夜に捧げる愛の話①

夜が更けた。桃瀬遥は考えていた。
自分にはもう誰かを愛する力がないのかもしれない。
ないのは力ではなく運なのかもしれないが。
誰かを愛することができるというのは
とてもラッキーなことなのだ。
恋人ができることや結婚ができることが
幸せなのではない。
愛する誰かがいるということが
とてもラッキーで、幸せなことなのだ。

「ねぇ、あんたは誰かを愛してる?」
膝の上でクークーと寝息を立てるカートに聞く。
わたしが17歳の頃からずっと一緒にいるけれど
彼が誰かを愛しているという話は聞いたことがない。
カートは12歳の老猫だ。
よく行くショッピングモールの駐車場に
置き去りにされたショッピングカートの中で
それは大きな声で鳴いていた。
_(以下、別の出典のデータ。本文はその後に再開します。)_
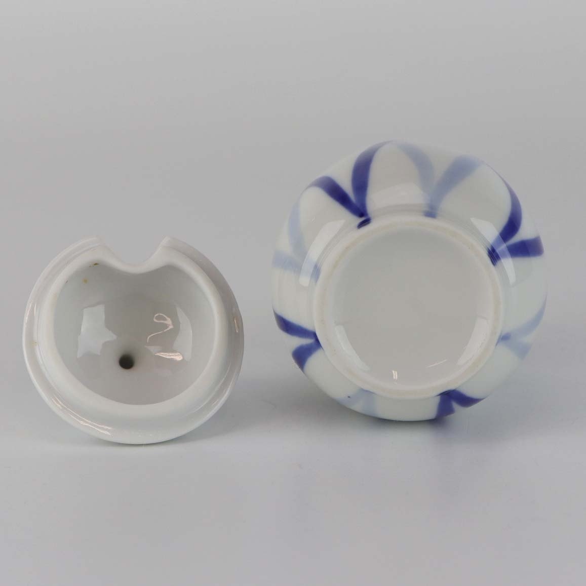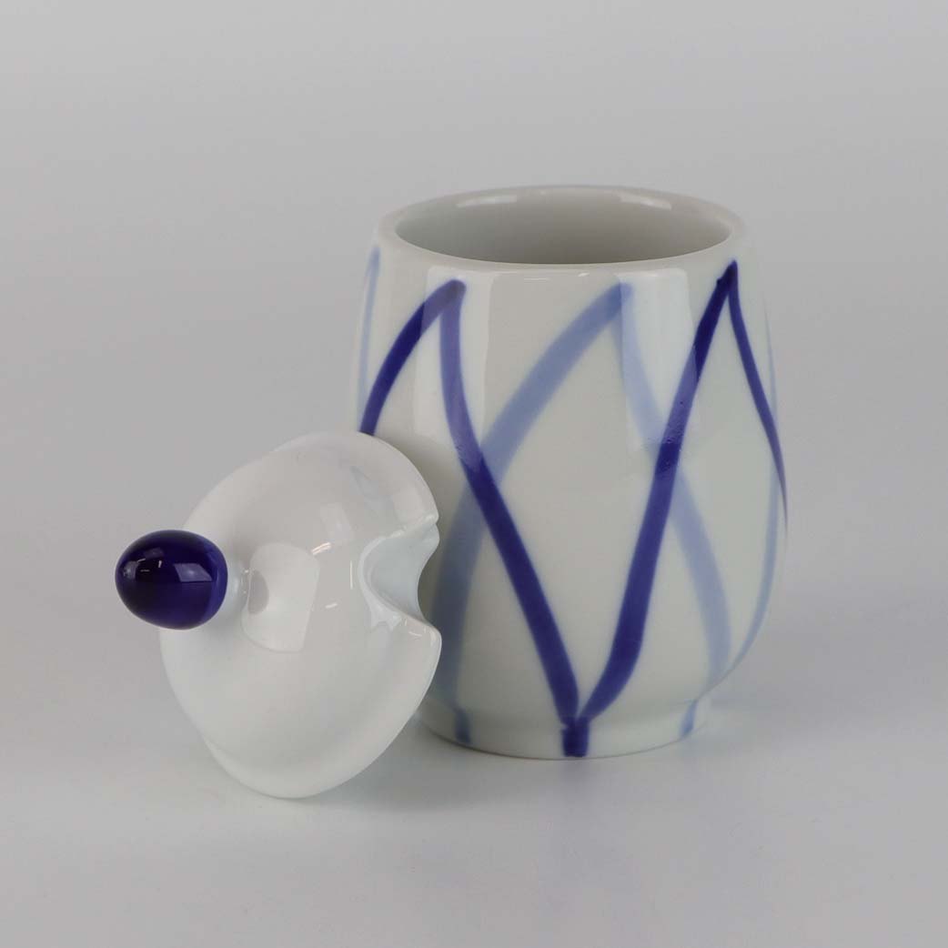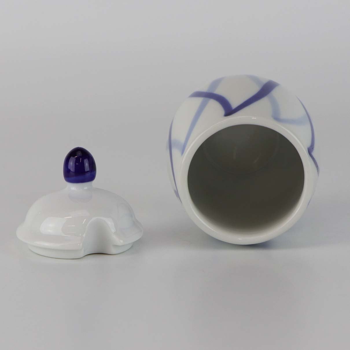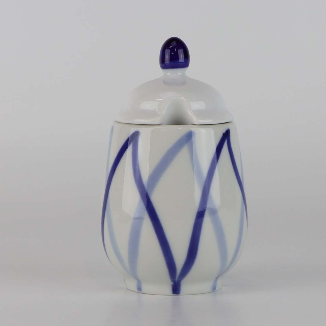 Lågkrukke til sennep med blåt låg i porcelæn fra stellet Dan-Ild 40, som også er kendt under navne som Blå Flamme eller Harlekin.

その鳴き声が
「助けて」なのか「見てんじゃねえよバカヤロウ」
なのかわからなかったけれど、私は
「助けて」なのだと都合よく解釈し
家に連れ帰った。今でもカートの本音はわからない。
近所の動物病院に連れて行くと
生まれたばかりの雄猫だとわかった。
胃には何も入っておらず、
毛にはノミの1匹もいなかった。
どこで生まれたのか、兄弟は、両親は
そんなことを聞いてみたけど
カートはミルクでふやかしたカリカリを
食べてすぐに眠ってしまった。
猫にとってそんなことは些細なことなのかもしれないな、フカフカの毛並みを撫でながらそう思った。

夜、猫がいるのはとてもいい。
外は地球が呼吸するのをやめたように静かだ。
こんなときに猫の寝息が聞こえると
とても安心する。これは命の音だ。
ときおりゴロゴロと喉の音も聴かせてくれる。

暗く静かな部屋で今日もわたしは考える。
あの人は今どこで何をしているのだろう。
今も誰かを愛しているのだろうか。
そうだといい、と心から思う。
彼は優しくて、弱い人だった。
誰かを愛していなければ、そして愛されていなければ
生きていけない人だった。
だから私は彼を憎むことができない。
憎むことができないから、今も愛したままだ。

急に膝の上から重みが取れた。
まだまだ軽やかな身のこなしで
カートがどこかへ行く。
彼がいなくなったときもこんな風だった、と思う。
きっかけは何もない。思い立ったように、
彼はいなくなってしまった。
彼の言葉を信じるならば、私は悪くないらしい。
そうなれば私にはなす術がなかった。

カートがいなくなったおかげで
私はやっと体勢をくずし
ベッドに横たわることができた。
バサッ!と大きな音がする。
気の利かない新聞配達員が朝刊を運んできたようだ。
まだ外は暗い。夜よ、どうかもう少しそこにいて。
まだもう少し、愛について考えたいのよ。